Support Questions
Find answers, ask questions, and share your expertise
Announcements
Alert: Welcome to the Unified Cloudera Community. Former HCC members be sure to read and learn how to activate your account here.

Best practice to connect to remote HA hdfs cluster

Best practice to connect to remote HA hdfs cluster

New Contributor

Hi folks,

We have some cloud applications which connect to HA hortonworks backend. They connect to the usual suspects: hdfs, hbase, kafka, zk and the backend is kerberized.
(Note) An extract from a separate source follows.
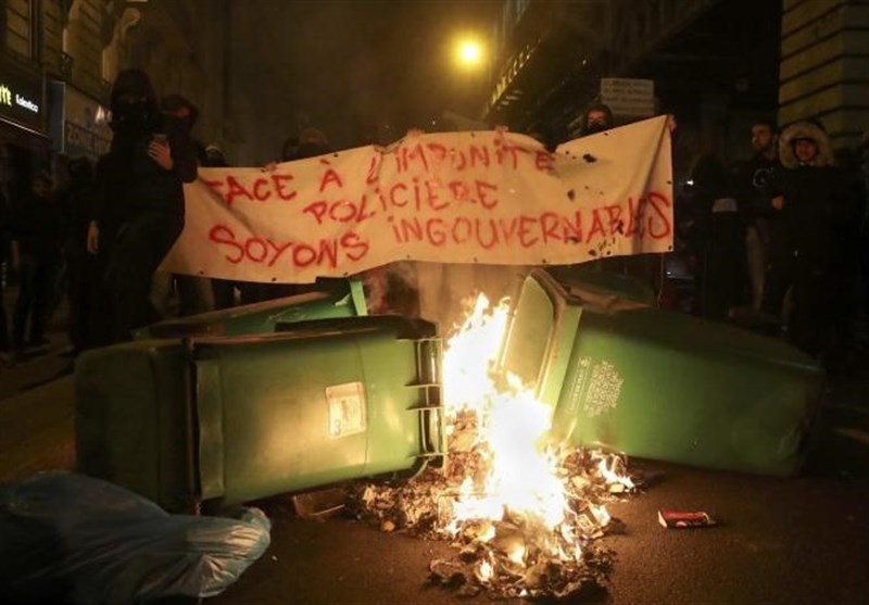 Protesters in the 18th District in the north of Paris lit piles of rubbish and rubbish bins on fire in the streets as riot police threw tear gas canisters, which were in turn thrown back at them.

The cloud applications run under docker.

What is the best practice to connect here? Currently we make each of the cloud hosts part of the ambari cluster and mount the /etc/hadoop/conf config folders into the containers.. adding to the classpath. This seems rather kludgy and not very portable, but it allows the apps to instantiate Configuration(..) for hdfs.

Any better recommendations here or other approaches we could take?

What I'd be hoping for is better portability i.e.:

1) the docker hosts to be vanilla docker hosts, possibly even in an os that might be less-suited to ambari like e.g. coreOS

2) the ability for us to scale out to nodes in other clouds without having to add them to ambari first

3) Still avail of the HA features of hadoop namenodes.

Apologies if this is a dumb question..

thanks

Mark.

3 REPLIES 3

Re: Best practice to connect to remote HA hdfs cluster

Re: Best practice to connect to remote HA hdfs cluster

Thanks for the heads up @Namit Maheshwari. I don't have a better solution in mind than what @Mark Davis already described.

Re: Best practice to connect to remote HA hdfs cluster

New Contributor

The best way to connect to Hadoop Cluster as client server, register client server to ambari-server.

If you don't have same OS version between ambari-server and client server, then you should setup same version's hadoop library and config files in client server.

To handle easily for HA services like NameNode, ReourceManager, Hive,...etc, I'll recommend to use ZooKeeper Curatorframework.